§ BRIEF: With the pictures omitted, write out the entries that follow exactly as they stand.
**** RECORDS FOR PROCESSING ****
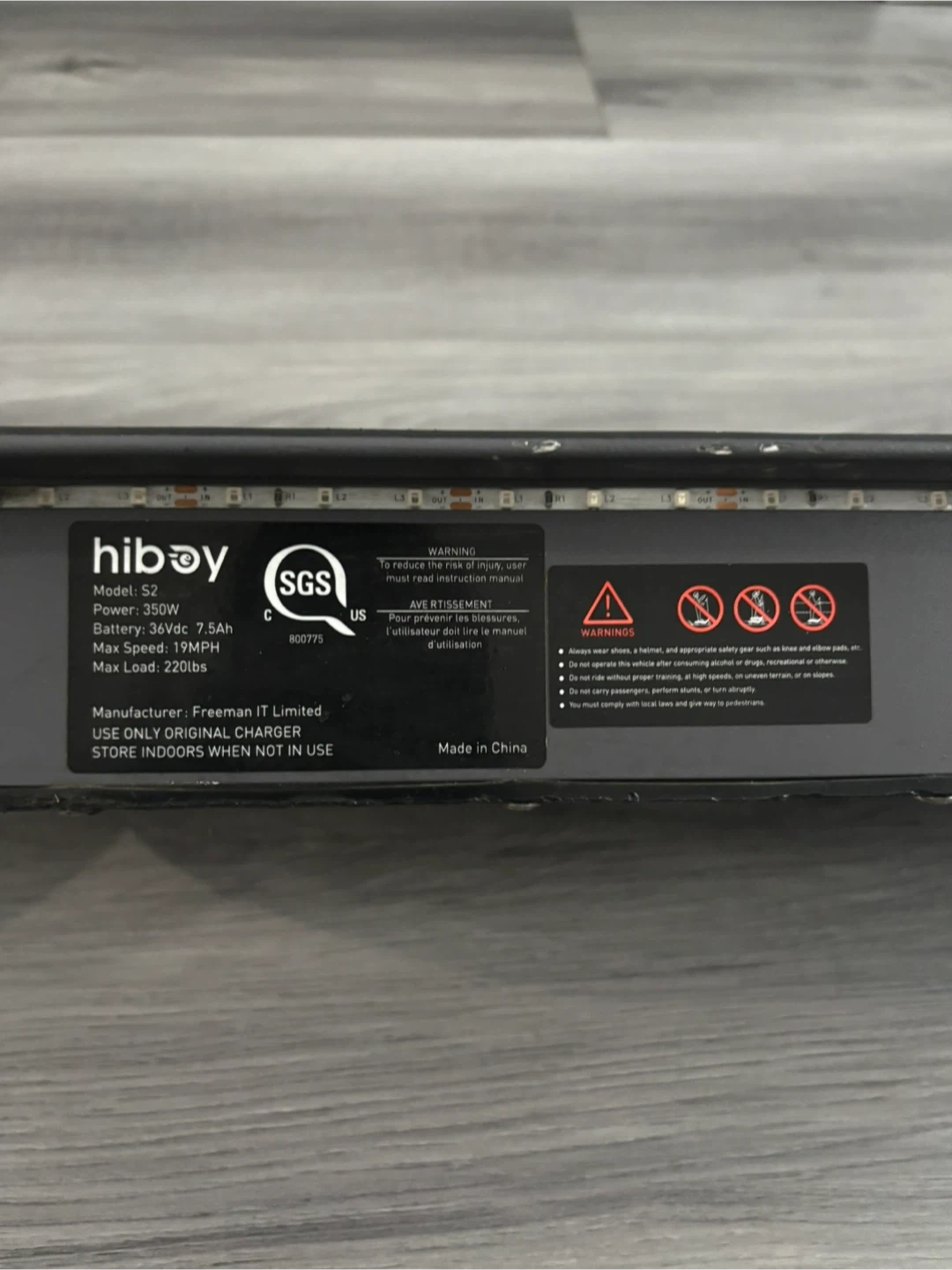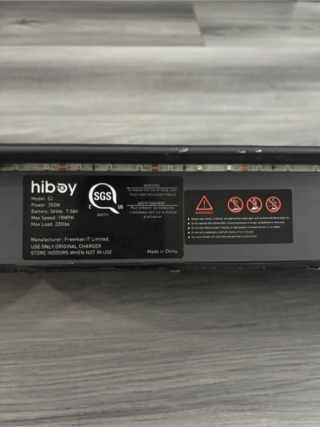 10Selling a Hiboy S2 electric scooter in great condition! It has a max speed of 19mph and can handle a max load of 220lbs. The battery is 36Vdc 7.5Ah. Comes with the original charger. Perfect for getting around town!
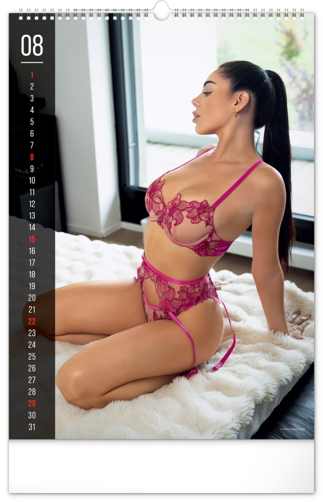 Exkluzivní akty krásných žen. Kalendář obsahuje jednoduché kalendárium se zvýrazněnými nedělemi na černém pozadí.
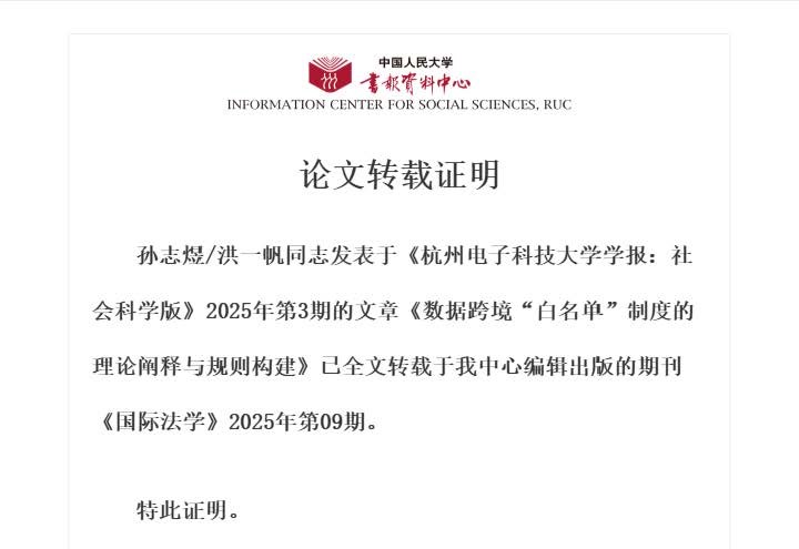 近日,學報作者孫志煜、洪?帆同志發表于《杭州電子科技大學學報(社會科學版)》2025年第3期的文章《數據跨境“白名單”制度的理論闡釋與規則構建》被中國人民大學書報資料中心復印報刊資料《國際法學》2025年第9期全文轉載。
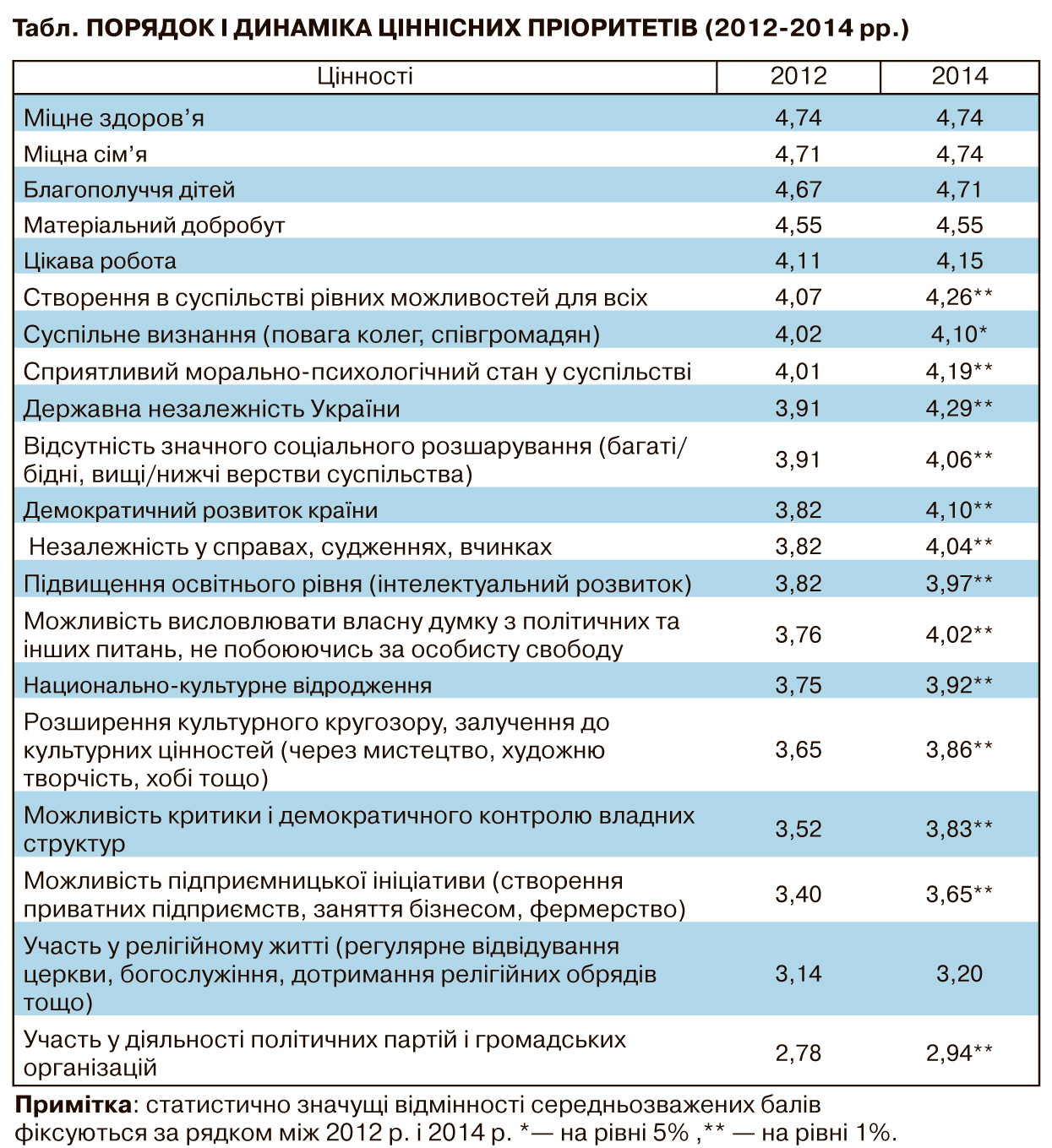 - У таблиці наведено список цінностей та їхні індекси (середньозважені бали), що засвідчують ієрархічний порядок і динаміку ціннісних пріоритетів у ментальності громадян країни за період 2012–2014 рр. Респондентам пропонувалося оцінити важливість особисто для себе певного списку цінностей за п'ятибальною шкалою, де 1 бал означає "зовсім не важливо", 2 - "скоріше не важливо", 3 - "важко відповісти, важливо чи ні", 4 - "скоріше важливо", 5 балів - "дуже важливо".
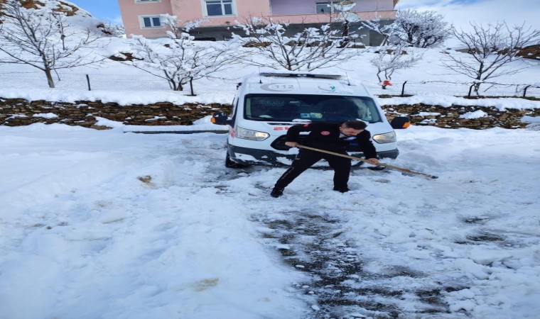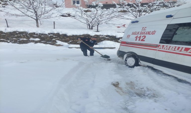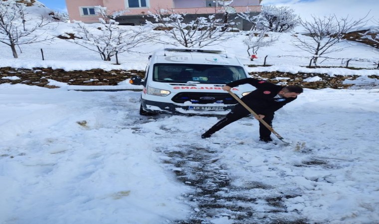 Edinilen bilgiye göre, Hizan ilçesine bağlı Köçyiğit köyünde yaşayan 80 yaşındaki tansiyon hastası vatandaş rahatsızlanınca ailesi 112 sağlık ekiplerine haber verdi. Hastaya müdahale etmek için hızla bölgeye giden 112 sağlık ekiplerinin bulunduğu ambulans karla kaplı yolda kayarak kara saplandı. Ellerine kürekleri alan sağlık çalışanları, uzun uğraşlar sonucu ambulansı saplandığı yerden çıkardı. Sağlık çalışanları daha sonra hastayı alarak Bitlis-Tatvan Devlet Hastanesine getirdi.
****
§ RESPONSE TO THE TASK:
 10Selling a Hiboy S2 electric scooter in great condition! It has a max speed of 19mph and can handle a max load of 220lbs. The battery is 36Vdc 7.5Ah. Comes with the original charger. Perfect for getting around town!
 Exkluzivní akty krásných žen. Kalendář obsahuje jednoduché kalendárium se zvýrazněnými nedělemi na černém pozadí.
 近日,學報作者孫志煜、洪?帆同志發表于《杭州電子科技大學學報(社會科學版)》2025年第3期的文章《數據跨境“白名單”制度的理論闡釋與規則構建》被中國人民大學書報資料中心復印報刊資料《國際法學》2025年第9期全文轉載。
 - У таблиці наведено список цінностей та їхні індекси (середньозважені бали), що засвідчують ієрархічний порядок і динаміку ціннісних пріоритетів у ментальності громадян країни за період 2012–2014 рр. Респондентам пропонувалося оцінити важливість особисто для себе певного списку цінностей за п'ятибальною шкалою, де 1 бал означає "зовсім не важливо", 2 - "скоріше не важливо", 3 - "важко відповісти, важливо чи ні", 4 - "скоріше важливо", 5 балів - "дуже важливо".
 Edinilen bilgiye göre, Hizan ilçesine bağlı Köçyiğit köyünde yaşayan 80 yaşındaki tansiyon hastası vatandaş rahatsızlanınca ailesi 112 sağlık ekiplerine haber verdi. Hastaya müdahale etmek için hızla bölgeye giden 112 sağlık ekiplerinin bulunduğu ambulans karla kaplı yolda kayarak kara saplandı. Ellerine kürekleri alan sağlık çalışanları, uzun uğraşlar sonucu ambulansı saplandığı yerden çıkardı. Sağlık çalışanları daha sonra hastayı alarak Bitlis-Tatvan Devlet Hastanesine getirdi.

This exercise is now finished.